Dorfman also points out that statist policies, broadly speaking, penalize labor relative to capital. And this is not good for workers in general, but it’s especially harmful for low-income workers.
…the low interest rates set by the Fed combined with the additional labor costs thanks to the Obama Administration (Obamacare and its associated taxes) are changing the relative prices of labor and capital. …This also increases economic inequality because the poor and middle class earn most (or all) of their money from labor income, while the rich collect a significant share of their income in various forms of returns to capital (dividends, interest, capital gains and business profits). Purposely tilting the economy in favor of capital and against labor is pretty close to taking from the poor and giving to the rich, the exact reverse of normal government attempts to redistribute income.
Even the left-leaning Urban Institute recognizes the big government sometimes helps the rich at the expense of the poor. Here’s some of what Leigh Franke wrote about land-use restrictions.
Restrictive land-use regulations, including zoning laws, are partially to blame for the stagnant growth… Land-use regulations may be intended to protect the environment or people’s health and safety, and even to enhance the supply of affordable housing, but in excess, they restrict housing supply, drive up home prices, and limit mobility. …More and more zoning restrictions meant less construction, fewer permits, and a restricted housing supply that drove up prices even further. …cities often have stringent zoning laws, a restricted housing supply, and high prices, making it nearly impossible for lower-income residents and newcomers, who would likely benefit most from the opportunities available, to find affordable housing.
The minimum wage is another example of a left-wing policy that causes the wrong type of inequality, as explained by Robert Graboyes of the Mercatus Center.
The $15-an-hour minimum wage is a superb tool if your goal is increasing inequality. To the least-advantaged Americans, its logic is simple: “You lose your jobs and access to jobs so your wealthier neighbors might enjoy small wage increases and greater protection from competitors like you.” …Other than wealthier employees, who benefits from a $15 minimum wage? Income is likely to soar for a CEO whose company builds robots to replace low-wage workers. …instigators and beneficiaries of minimum wages are often labor unions who benefit from eliminating potential competitors…harsh restrictions on job-seekers can do damage that lasts a lifetime.

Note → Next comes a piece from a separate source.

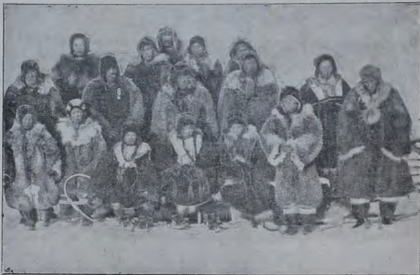
Группа Иерченскихъ чукочъ.

своихъ женъ. Я спросилъ одного почетнаго тунгуса, сестра котораго передъ этимъ была отдана чукчамъ, будетъ ли его сестра жить со смѣшными товарищами мужа. «Поневоля́ будетъ, если мужъ прикажетъ», отвѣтилъ онъ. Известны случаи подчиненія этому обычаю русскихъ женщинъ, вышедшихъ за чукочъ, только якутки питаютъ такой страхъ передъ дикими нравами, образомъ жизни и брачными обычаями чукочъ, что и не знаю ни одного случая перехода якутской женщины въ чукотское стойбище. Я видѣлъ на урочищѣ Сенкель якутскую дѣвушку, проданную было ея дядей чукчамъ за 30 оленей, но, привезенная въ чукотскій лагерь, она сопротивлялась совершенною обрядомъ приобщенія ея къ семейному культу т. е. помазанію жертвенной кровью, си-

A teenager shut out of employment by an exorbitant minimum wage will fail to learn job skills and establish a track record that impresses future prospective employers. And the effects will not fall evenly: Children of wealth and privilege have many routes to circumvent such restrictions. The inner-city teen, striving for a better life, has no such good fortune.
Spot on. Here’s a must-watch video on the topic.
In the interest of space, that’s enough examples, though I’ll at least mention that the Export-Import Bank is another example of a government policy that transfer money from the poor to the rich, as are agriculture subsidies.
The left’s support for a government monopoly instead of school choice also should be on this list, since the main result is to hurt kids from poor families in order to provide undeserved goodies for unionized teachers.
And don’t forget bailouts. And favors in the tax code. As well as licensing. And the green energy scam.
I could keep adding to that list, but let’s got to today’s lesson: Our friends on the left say they want to help the poor and reduce inequality. But their policies often target the kind of inequality that we shouldn’t worry about while exacerbating the form or inequality that is a problem.
John Goodman explained the consequences in a recent column.
The worst housing shortages, the most homelessness and the worst inequality exist in the cities that are the most Democratic and the most liberal.
The same relationship exists at the state level. Bigger government is correlated with more inequality.